"Super Express": - Kapitan Molde Daniel Helstad w rozmowie z "SE" przyznał, że nie zna żadnego piłkarza Legii. A wy co wiecie o rywalach?
Michał Żyro: - Nasza wiedza o przeciwnikach jest na podobnym poziomie (śmiech). Wiadomo, że Norwegowie, jak każdy zespół ze Skandynawii, grają twardą, siłową piłkę. Jesteśmy na to przygotowani i na boisku damy sobie radę.
- Helstad dodał także, że mimo wszystko to Legia jest faworytem tego dwumeczu.
- To ciekawa opinia, zwłaszcza jeśli wygłasza ją facet, który podobno nic o nas nie wie. Ale to dobrze, że gracze Molde nas szanują. Mamy świadomość celu. Nie zmarnujemy szansy.
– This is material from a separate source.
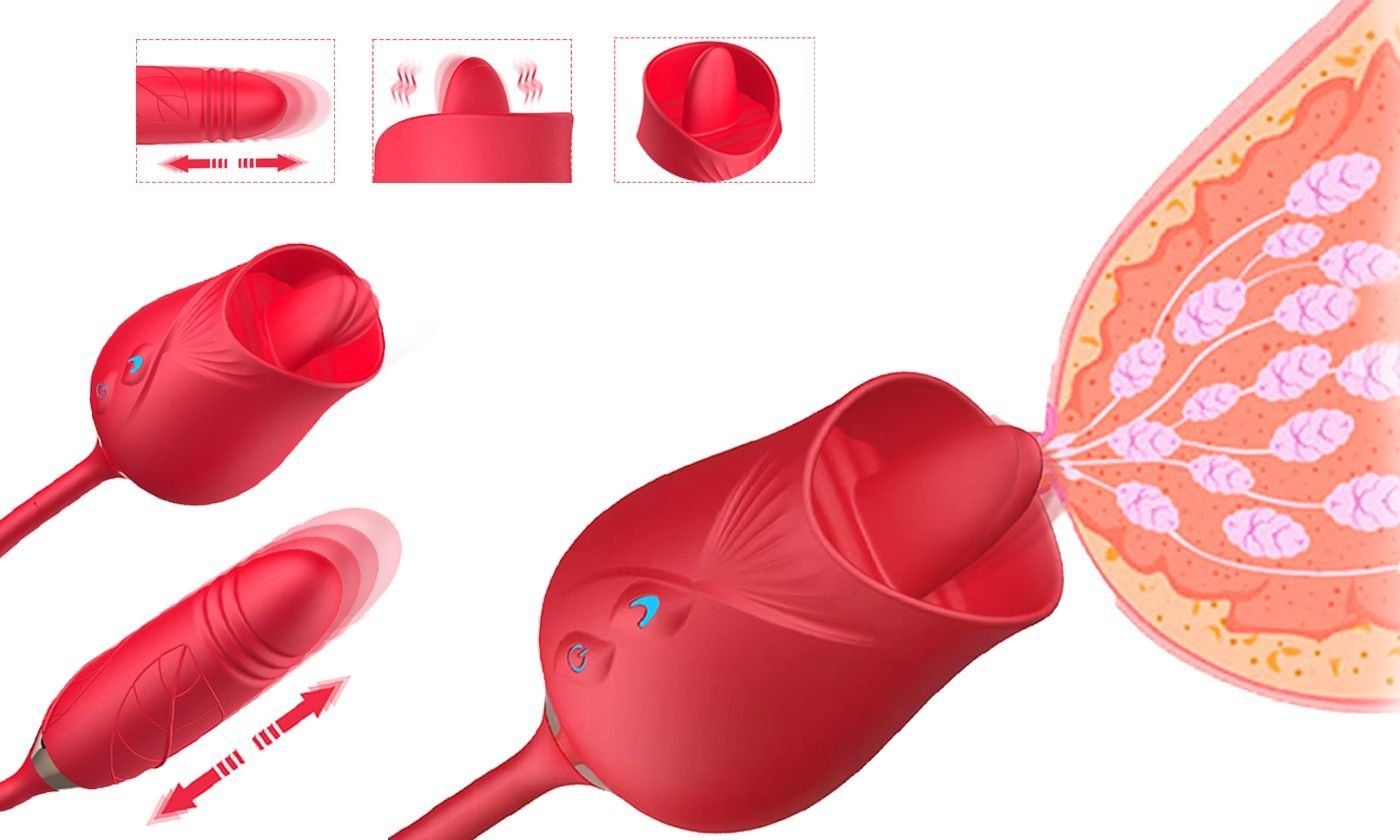 New rose full-cut flower 3 generations double head tongue licking telescopic vibration egg

- W ostatnich meczach ligowych wy wygraliście z Pogonią 3:0, a Molde przegrało z przeciętnym Lillestrom 0:2. To dobry prognostyk?
- W pucharach wyniki z ligi nie mają żadnego znaczenia. To będzie nowe otwarcie. Ewentualne straty w rozgrywkach krajowych zawsze można odrobić. W pucharach, zwłaszcza o taką stawkę, jeden błąd może zniweczyć cały rok pracy. Dlatego jestem pewien, że Norwegowie już zapomnieli o ostatniej porażce. Teraz liczy się już tylko środowy mecz.
- Z powodu kontuzji straciłeś niemal całą wiosenną rundę. Zgodzisz się z opiniami, że ten sezon będzie dla ciebie przełomowy i albo potwierdzisz wielki talent, albo popadniesz w ligową przeciętność?
- Czuję się, jakbym wszystko zaczynał od nowa. Biała karta. Krok po kroku wracam do dyspozycji sprzed kontuzji. Jestem cierpliwy. Miałem dużo czasu, by nauczyć się pokory. Życie piłkarza jest przewrotne, a okienko transferowe otwarte, ale zupełnie nie zwracam uwagi na pojawiające się w mediach plotki na temat mojego rzekomego transferu. Teraz liczy się wyłącznie Legia.